BOSTON (CBS) -- While his current roster may be a bit of a nightmare on paper, Danny Ainge is pretty pleased with the plethora of future draft picks he's rounded up over the past few years.
After completing Monday's trade that sent Jeff Green to Memphis and brought another future first-round pick to Boston, Ainge now has a hefty bounty of draft selections over the next five years. They'll have as many as 14 picks over the next two NBA drafts, with six potentially coming in the first round, and could potentially add to their 24 picks they now own through 2019.
It's pretty clear that Ainge covets those picks, better termed "assets," so it should come as no surprise that he's a firm believer that a team can never own enough future selections.
"No, because draft picks are always tradable; players are not. Draft picks are always assets," Ainge said Monday night ahead of Boston's 108-100 win over the New Orleans Pelicans.
Ainge was in a playful mood as he spoke with reporters, adding with a grin, "Until sometimes they're drafted. Until they become players, or until they become paid."
He also threw out a "so you're telling me there's a chance" from Dumb & Dumber when asked about the potential of Tayshaun Prince and Austin Rivers joining the Celtics. Both players were acquired in the Green trade on Monday, and will likely be bought out or traded before ever suiting up for Boston (likely landing Ainge another future draft pick or two).
In other words, there was a better chance of Lloyd ending up with Mary than there is Prince or Rivers playing a game in a Celtics uniform.

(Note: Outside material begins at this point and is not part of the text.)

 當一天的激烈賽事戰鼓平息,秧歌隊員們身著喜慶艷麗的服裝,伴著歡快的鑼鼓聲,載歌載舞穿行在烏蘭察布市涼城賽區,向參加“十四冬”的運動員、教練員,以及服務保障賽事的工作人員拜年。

As for the future of his Celtics, Ainge doesn't see any other way to rebuild than through the draft. That doesn't necessarily mean using all of those selections, and will likely end up with a flurry of trades (this time hopefully adding stars, not subtracting), much like he did when he added Ray Allen and Kevin Garnett ahead of the 2008 season. Ainge sent the No. 5 overall pick (which fittingly turned into Jeff Green), Delonte West (a first-rounder in 2004) and Wally Szczerbiak for Allen and Glen "Big Baby" Davis on draft night, a move that allowed him to convince Garnett to join the fun. To pull that off, Ainge had to send Al Jefferson (also a 2005 first-rounder, 15th overall), Gerald Green (first-rounder, 18th overall in 2005), Ryan Gomes (second-round pick in 2005), veterans Theo Ratliff and Sebastian Telfair, and a pair of 2009 first round picks to Minnesota for his "Big Ticket" to a title.

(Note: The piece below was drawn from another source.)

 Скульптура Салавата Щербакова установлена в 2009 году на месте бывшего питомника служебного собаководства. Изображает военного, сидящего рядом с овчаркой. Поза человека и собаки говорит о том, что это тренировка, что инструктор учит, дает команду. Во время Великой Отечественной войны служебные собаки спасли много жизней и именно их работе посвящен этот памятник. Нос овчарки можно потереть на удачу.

"I think you have to build through the draft. Like last time we built [the 2008 title team] through the draft; we developed players and we were able to trade to get some veteran guys in that were more ready to win, that were more compatible with Paul [Pierce] at the time," explained Ainge. "We did it through the draft, that's how I look at it. Right now we'll do the same thing. We'll draft players, we'll develop players, and we'll look for opportunities to take steps forward."
This time around, the Celtics don't have a franchise player in Pierce to build around. Ainge said "time will tell" how much more difficult that makes the rebuild.
While it will take some time to develop those young players like Marcus Smart and James Young (first-round picks in last year's draft) as well as Kelly Olynyk and Jared Sullinger (first-rounders in 2013 and 2012, respectively) into potentially intriguing assets (or future franchise players), there are others on the roster who will likely be on the move. Brandon Bass and Marcus Thornton are both veteran players with expiring contracts who can bring something to a contender, and will likely be moved to add to Ainge's ever-growing collection of second round picks.
He may have made three deals in the last month, but Ainge is far from done ahead of the February 19 trade deadline.
"You never know," he said. "I'm not done talking."
When it comes to making trades, Ainge is never done talking.